Matthew 21:33-42 2023/09/03 Osaka Church
In the name of the Father, and the Son and the Holy Spirit
A master planted a vineyard, rented it out to farmers, and set out on a journey. Harvest season came. The master sent his servants to receive the harvest, but instead of handing over the harvest, the farmers stoned the servants to death. Then the master sent his son, thinking that if it was his son the farmers would respect him. But the farmers also killed his son.
Today’s gospel is the parable of Jesus.
God created the world as a ‘well-arranged vineyard. It is a paradise called “Garden of Eden”. What God expected of the “farmers,” that is, humans, was to watch over this vineyard, to brew grapes in the winepresses that were offered there, and to offer them back to God. In other words, we will gratefully accept the gifted world, and use the most familiar and mysterious functions of nature provided by God, symbolized by “fermentation,” to add fragrant scents and flavors to the wonderful gifted world.

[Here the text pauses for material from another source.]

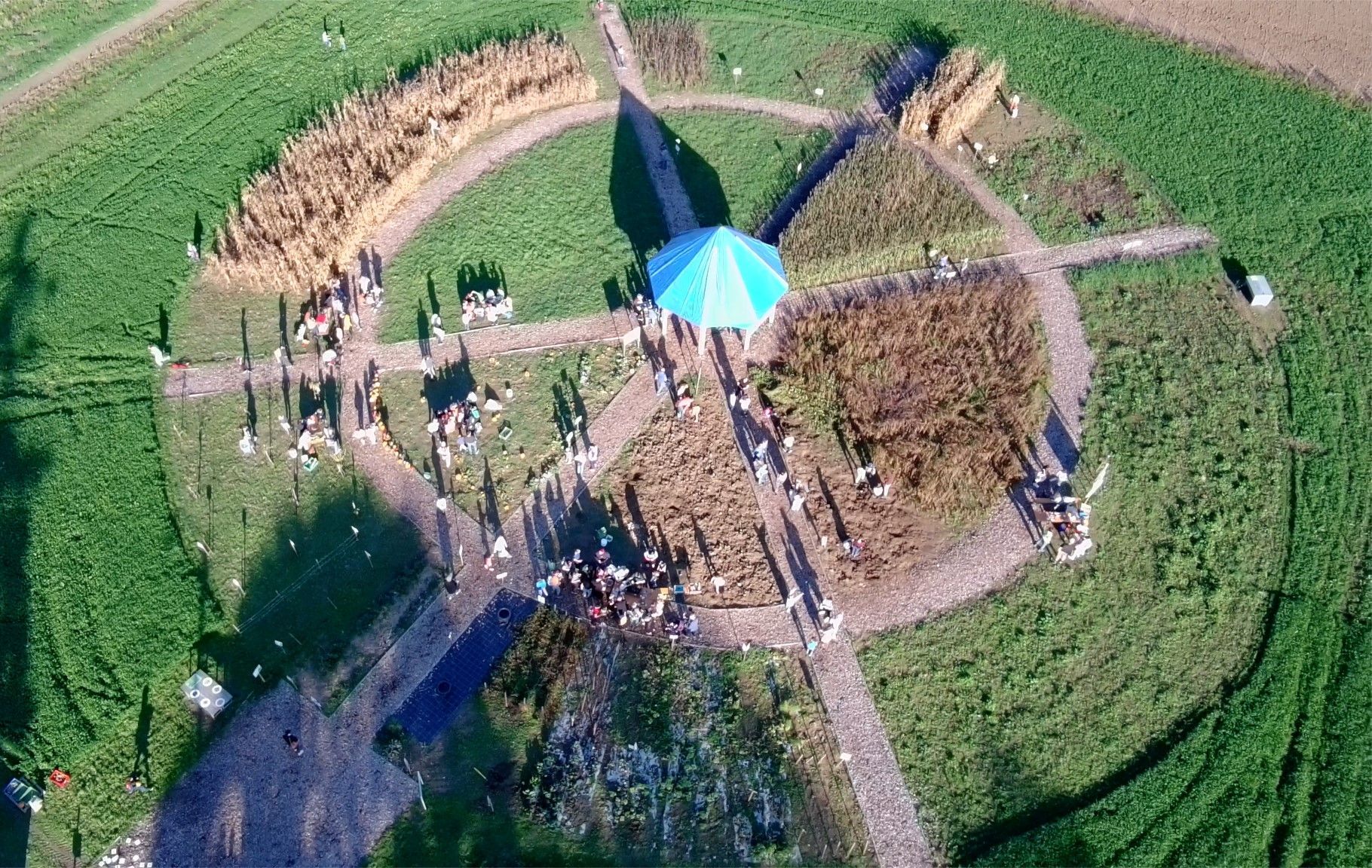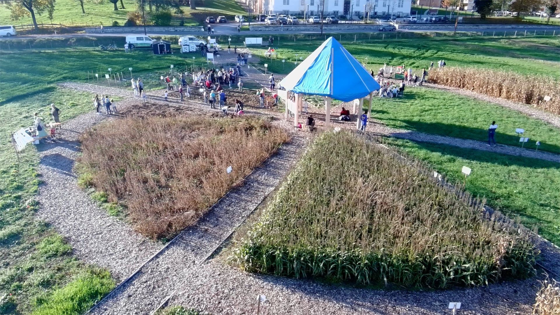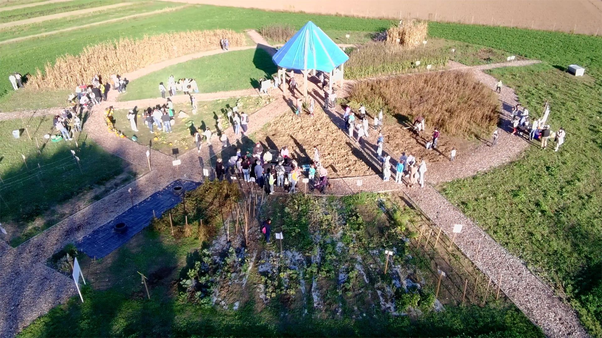Auf 2.000 m2 Ackerfläche wächst hier alles, was ein Mensch für ein Jahr zum Leben braucht. Obst und Gemüse, aber auch Getreide für Brot oder Futtermittel

It was to give back to God and deepen fellowship with God in the repetition of the gift and gratitude. Genesis says, “God placed man in the garden of Eden to cultivate and guard it.” The word translated as “cultivate” here also has the meaning of “offering offerings and worshiping.” The life in which thanksgiving, offering, and worship are united is the original life of a human being.
However, the farmers refused to hand over the harvest and took the vineyard itself. Stole the harvest. and drove God out of the vineyard.
Genesis says that people were driven out of the Garden of Eden. But the truth is that man has driven God away and paradise is no longer paradise. Man has made the world his own. He made himself a God instead of God who drove him away. The world that has lost the Life of God will be desolate. Everything that God has done for man must now be done with great pains and suffering on his own. But all that is hard-built and hard-earned will come to naught through corruption, chaos, and finally death. It’s the reality of the world we know so well.
When Jesus finishes telling the parable, he asks the Pharisees to whom this parable is in fact allusive. “What do you think will happen to these farmers when the owner of the vineyard comes home?” Unaware of the Lord’s allusion, they reply, “He will kill all the farmers and leave the vineyards to other farmers who will get a good harvest.”
But how was it actually? In the name of “humanity”, when we are urged by the slogan of “humanism” and act selfishly without paying attention to God, we also kill Jesus over and over again. Then were we all killed? No! On the contrary, God continues to call at the door of the hearts of those who have driven him out, and who are still driving him out. The fourteenth-century Byzantine father St Nicholas Cabasilas said:
“The Almighty dares to take upon our poverty. God proclaims his love for us, but as if he were flattering us. Even if we reject the call, God does not withdraw. He is not discouraged by our rejection. Even though he is rejected, he stands before the door of our hearts. He will wait, He will continue to show His unchanging love.”
The people who responded to this extraordinarily persevering call are the “farmers who render to him the harvest.” Finally, Christ said to the Pharisees: “The stone that the builders rejected,” that is, Himself who would soon be killed by them, would be the “chief cornerstone,” the foundation of the life of the new people of God. “Farmers who manage to render the harvests properly” will transcend ethnicity, race, social status and gender, and will be reassembled as the “Body of Christ” (the church) and given the vineyard once again. The church prays through bishops in the Eucharistic liturgy. “O God, come down from heaven, and come down into this vineyard, and strengthen what your right hand has planted.” There, people will once again brew the gifted world and its blessings with gratitude and offer it back to God in the form of bread and wine. We begin to live again the life of Christ, which is the life of gratitude, the life of devotion, and the life of worship.